Recovery can take anywhere from 2 months to a full year, depending on how severe your nerve damage was before surgery.

Most people have complete relief of their carpal tunnel syndrome after recovery is complete. Recovery can be slowed by other conditions that affect your joints and tendons. In rare cases, carpal tunnel syndrome can reoccur.

Your doctor will continue to monitor you after surgery to make sure you’re making progress.

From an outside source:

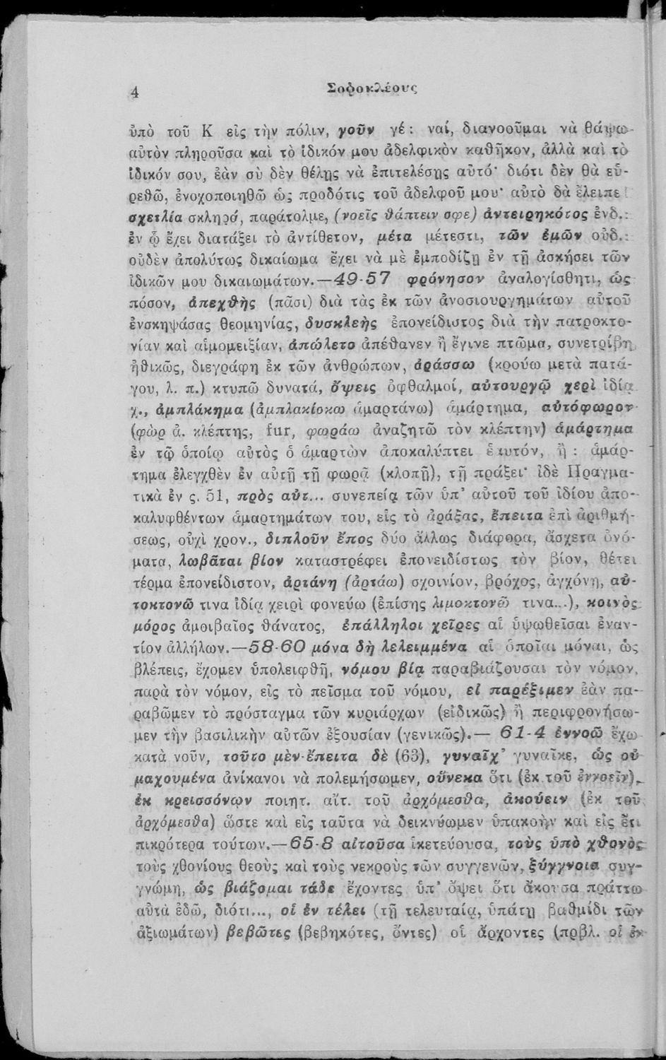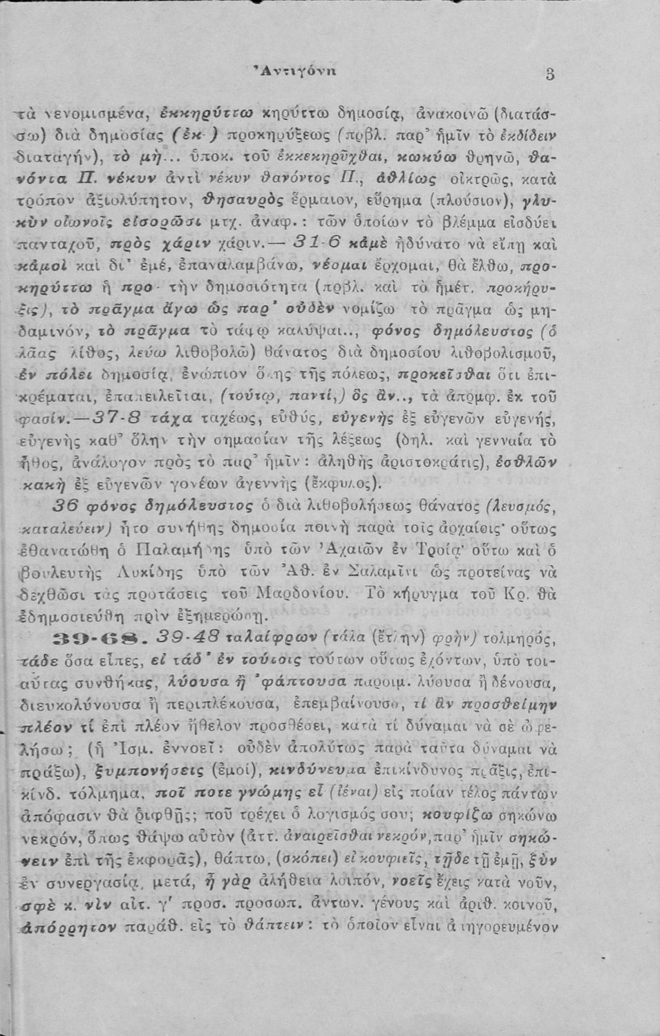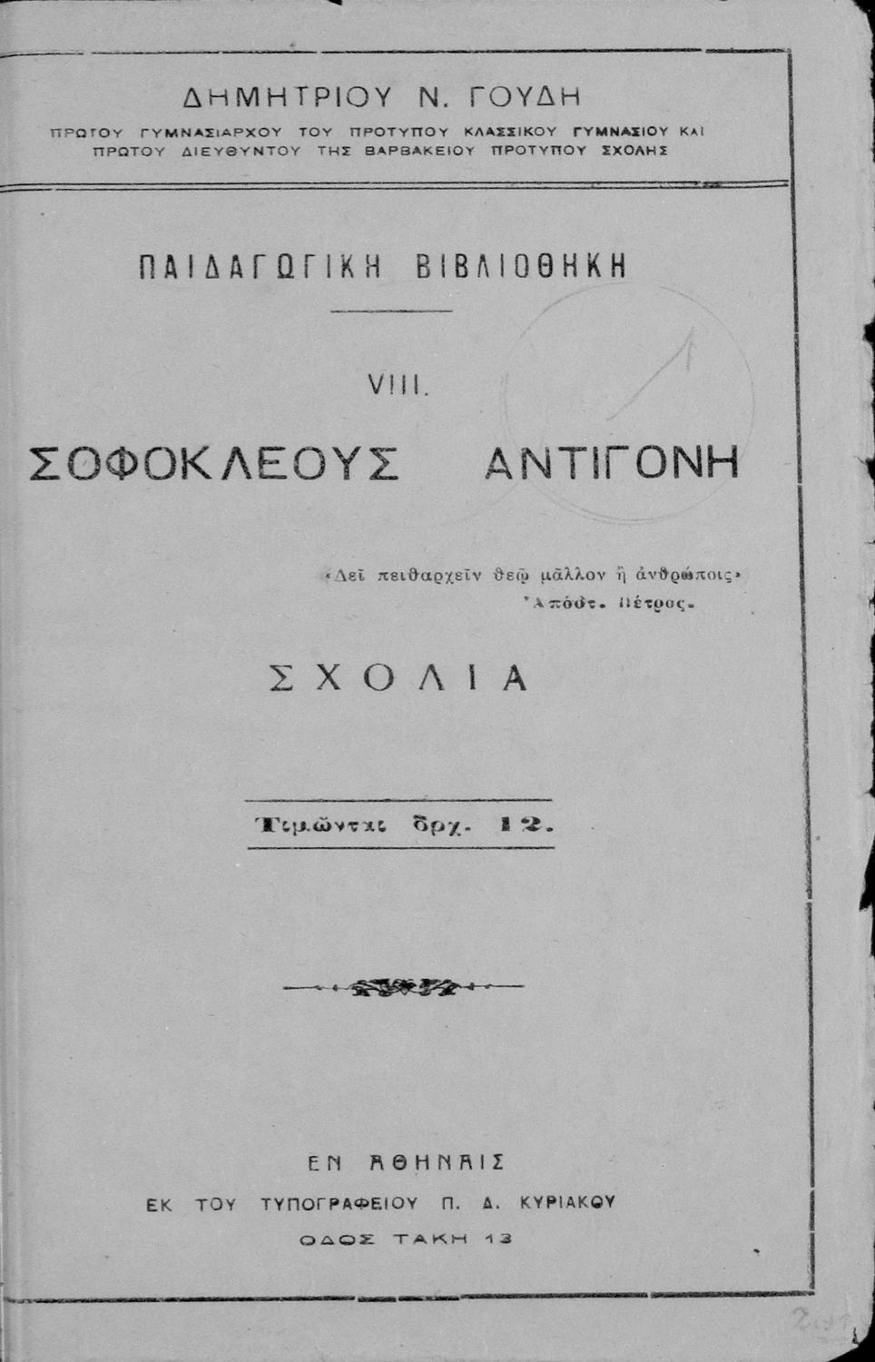 Μαθητικό βοήθημα Αρχαίων Ελληνικών που περιλαμβάνει την τραγωδία του Σοφοκλή Αντιγόνη με εισαγωγή, ερμηνευτικές και πραγματολογικές σημειώσεις. Ο συγγραφέας ήταν πρώτος Γυμνασιάρχης του Πρότυπου Κλασσικού Γυμνασίου και πρώτος Διευθυντής στη Βαρβάκειο Πρότυπο Σχολή.

Not everyone will need surgery to treat their carpal tunnel syndrome. Your doctor might recommend various alternatives, especially if your symptoms are mild. Some alternatives to surgery include:

  • Physical therapy. A physical therapist can help lessen the pain in your wrist by teaching you specific exercises called nerve gliding exercises. These exercises help your median nerve move to get relief. Physical therapy services will be covered by Medicare Part B or a Medicare Advantage plan.
  • Braces and splints. Braces and splints can help keep your wrist straight, which reduces the stress on your median nerve. Medicare Part B or Medicare Advantage will cover braces and splints.
  • Medications. You might be prescribed nonsteroidal anti-inflammatory drugs (NSAIDs) to help manage your pain. Your prescription will be covered by Medicare Part D or a Medicare Advantage plan that includes prescription drug coverage.
  • Lifestyle changes. Carpal tunnel symptoms can be aggravated by certain actions or activities. Your doctor might recommend you modify these activities in your daily life to reduce your pain.
  • Steroid injections. Corticosteroid is a strong anti-inflammatory that can relieve pain. However, the effects of steroid injections are often only temporary. An injection will be covered by Part B or a Medicare Advantage plan.

  • Carpal tunnel surgery is generally an outpatient procedure covered under Medicare Part B.
  • Medicare Advantage plans will also cover your carpal tunnel surgery.
  • Alternatives to surgery, like physical therapy and medications, are also covered.
  • Talk with your doctor about what treatment may work best for you.